TASK TO CARRY OUT: Only one stretch of the listing below is wanted. Give it again exactly, from the line with "公司办理的完善,也带动了方正富邦基金规划的稳健增加,经营办理的成效闪现。" through the line with "A playful tabby".

TASK INPUTS:
━━━━━━━━━━━━━━━━━━━━

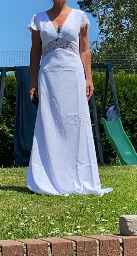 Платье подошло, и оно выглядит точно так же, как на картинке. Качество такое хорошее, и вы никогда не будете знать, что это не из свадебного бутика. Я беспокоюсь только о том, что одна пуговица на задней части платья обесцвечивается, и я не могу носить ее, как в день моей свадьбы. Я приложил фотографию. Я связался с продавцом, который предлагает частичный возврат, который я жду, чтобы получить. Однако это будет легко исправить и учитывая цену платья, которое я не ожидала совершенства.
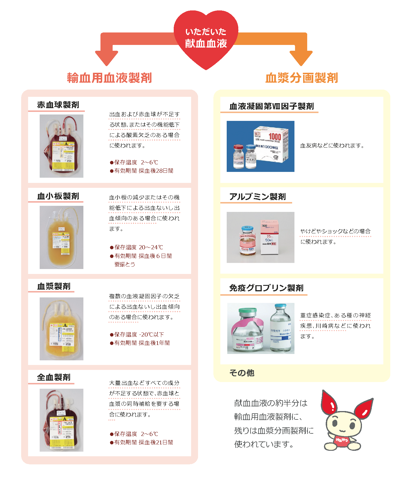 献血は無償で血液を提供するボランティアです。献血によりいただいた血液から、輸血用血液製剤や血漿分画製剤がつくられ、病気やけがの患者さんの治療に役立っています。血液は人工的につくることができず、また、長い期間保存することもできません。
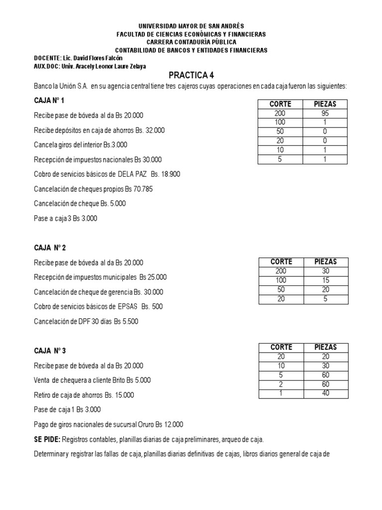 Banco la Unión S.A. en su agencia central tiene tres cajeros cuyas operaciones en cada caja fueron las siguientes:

━━━━━━━━━━━━━━━━━━━━

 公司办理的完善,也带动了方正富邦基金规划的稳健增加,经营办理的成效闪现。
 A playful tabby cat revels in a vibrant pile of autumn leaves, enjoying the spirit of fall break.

━━━━━━━━━━━━━━━━━━━━

ANSWER TO THIS PROBLEM:
 公司办理的完善,也带动了方正富邦基金规划的稳健增加,经营办理的成效闪现。
 A playful tabby cat revels in a vibrant pile of autumn leaves, enjoying the spirit of fall break.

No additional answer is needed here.